Soft-linking of improved spatiotemporal capacity expansion model with a power flow analysis for increased integration of renewable energy sources into interconnected archipelago

This present study offers a novel approach for the improvement of energy planning. This has become increasingly important as higher penetration of variable energy resources and increased interconnection between the different energy sectors require more detailed planning in terms of spatiotemporal modeling in comparison to the presently available approaches. In this study, we present a method that soft-linked the energy planning and power flow models, which enabled fast and reliable solving of optimization problems. A linear continuous optimization model was used for the energy system optimization and the non-linear problem for the power system analysis. The method is used to compare different energy planning scenarios; further, this also offers the possibility for implementation assessment of the proposed scenarios.
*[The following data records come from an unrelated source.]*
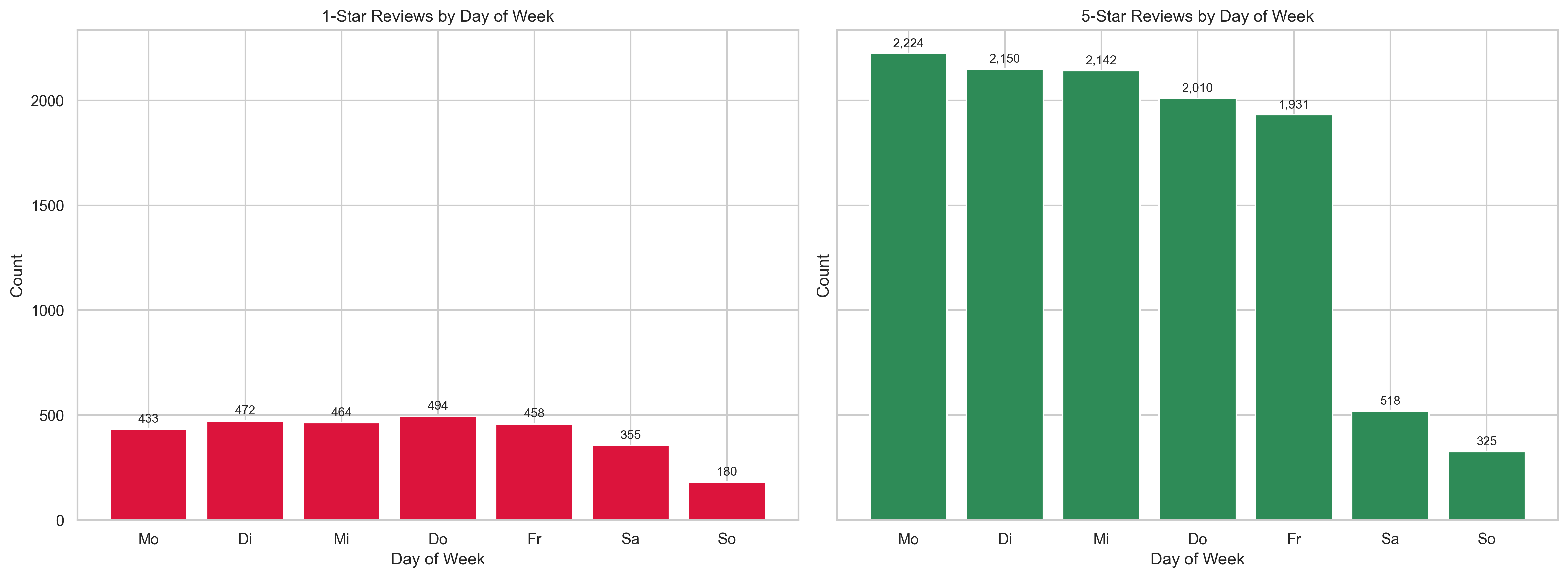 Aufällig ist hier nur, dass die 5-Sterne Bewertungen zum Wochenende stärker nachlassen als die 1-Stern Bewertungen. Was sagt das über die Motivation der RezensentInnen aus? Liegt das an der geringen Fallzahl?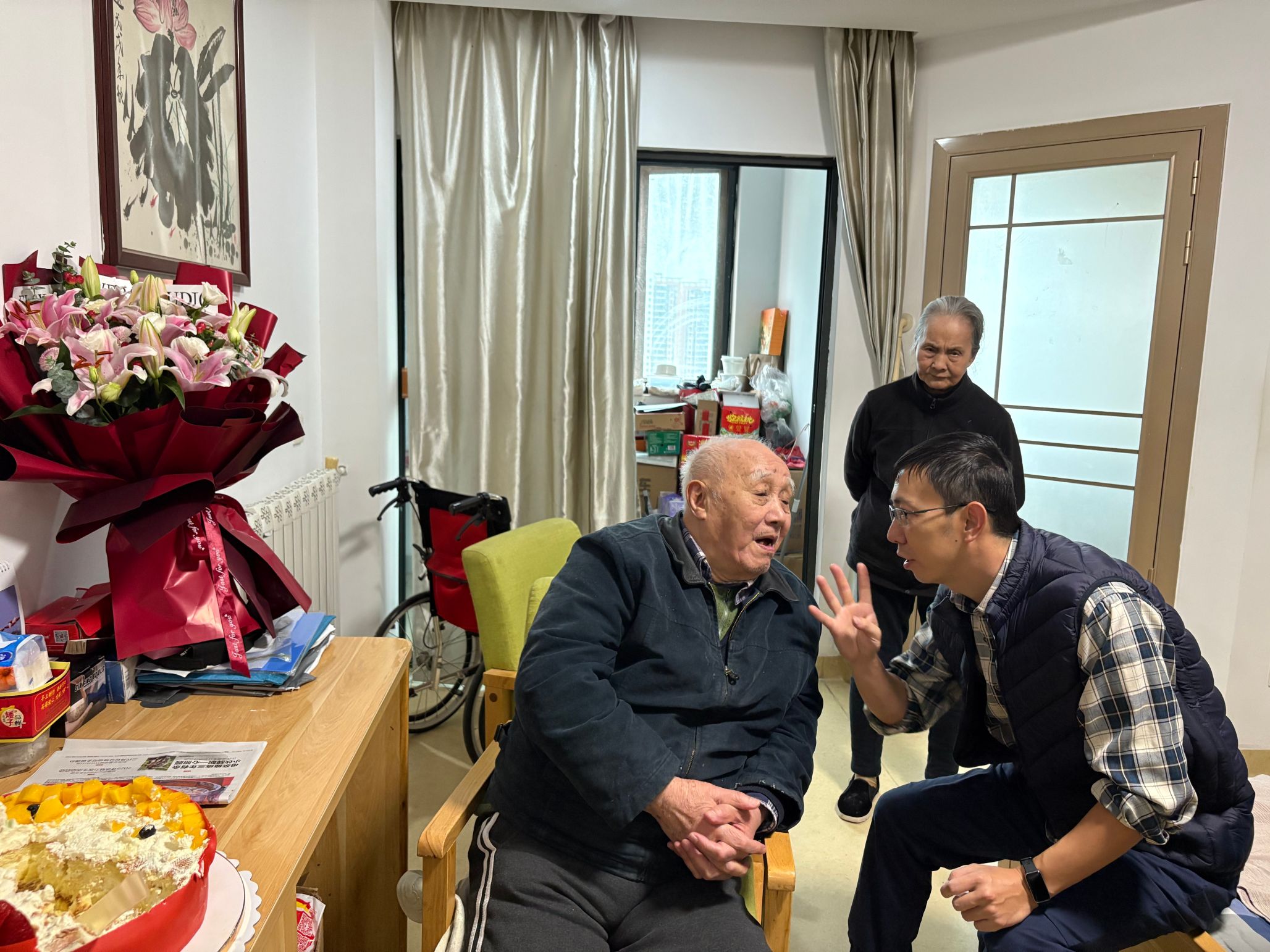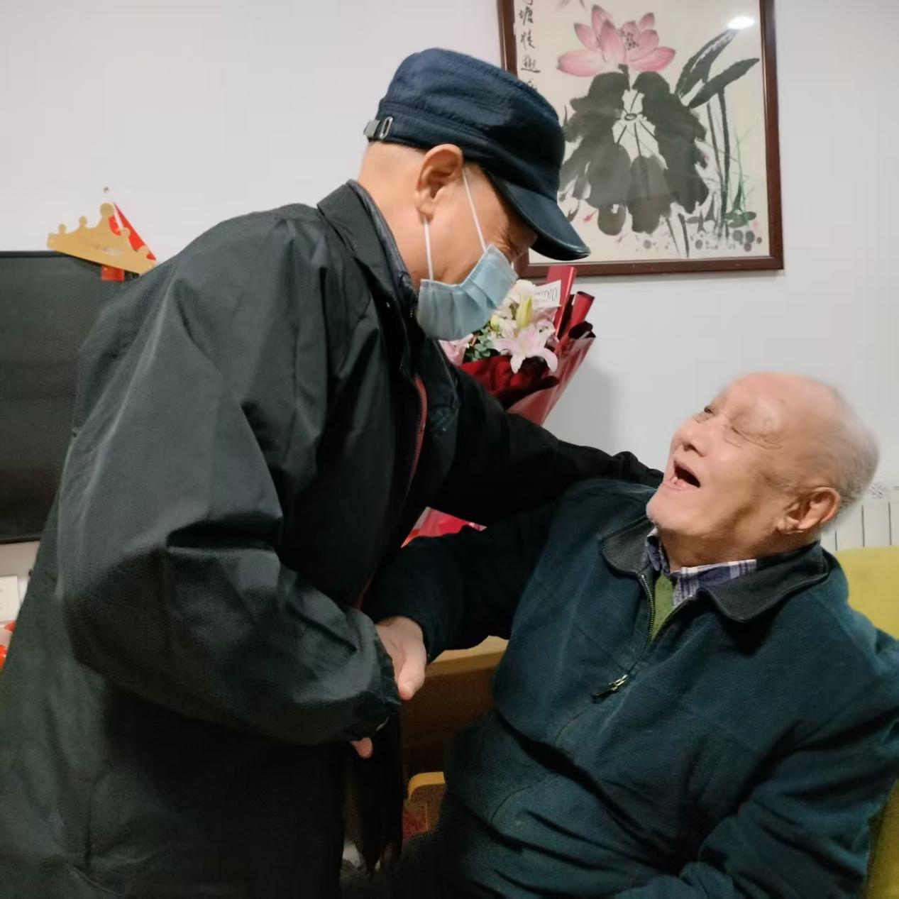 走进徐文思教授的居所,梁涛书记首先代表学院全体师生送上最热烈的生日祝福,递上精心准备的蛋糕与鲜花。她紧握老人双手,细致询问饮食起居与身体状况,反复叮嘱老人家保重身体、安享晚年。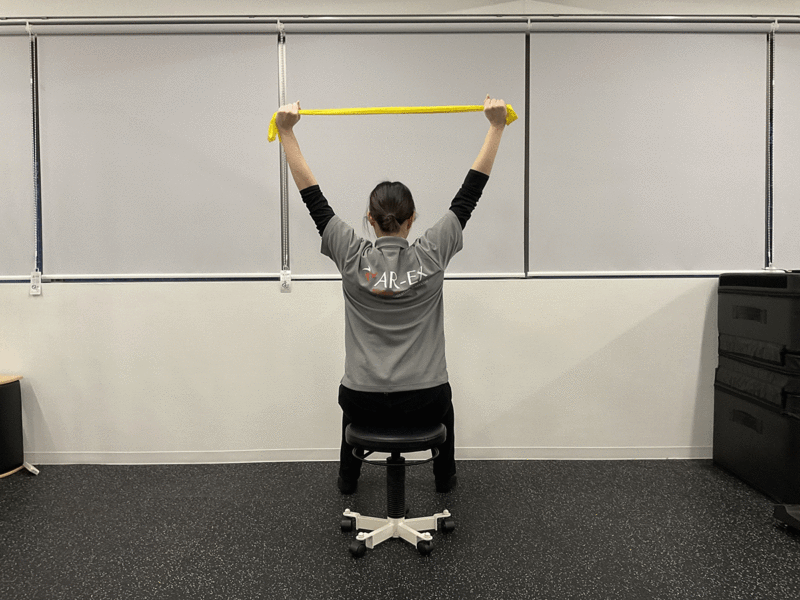 【方法】 1:椅子に背筋を伸ばして座る 2:両手をパーにし、肩幅よりやや広めに両手をバンザイする 3:背筋伸ばした姿勢を維持しながらゆっくりと肘を曲げながら下げていき、肩甲骨を寄せる 4:寄せきったら、バンザイを行い、上記動作を繰り返す【ポイント】 1:背筋は伸ばしておく 2:下を向かないよう、常に顔は前に向ける 3:肩甲骨を寄せるように行う 4:肘は後ろまでしっかりと引きつける

The method was applied to interconnected islands for five different scenarios. It was determined that the detailed spatial approach resulted in 26.7% higher total system costs, 3.3 times lower battery capacity, and 14.9 MW higher renewable energy generation capacities installed than in the coarser spatial representation. Moreover, the results of the power flow model indicated that the highest voltage deviation was 16% higher than the nominal voltage level. This indicates the need for inclusion of implementation possibility assessments of energy planning scenarios.

Automated summary

This study introduces a method that soft-links energy planning and power flow models to compare different energy planning scenarios and assess implementation possibilities. Applied to interconnected islands, the method revealed that a detailed spatial approach can reduce battery capacity and increase renewable energy generation capacity, but also result in higher total system costs. Results from the power flow model showed that the highest voltage deviation was 16% higher than the nominal voltage level.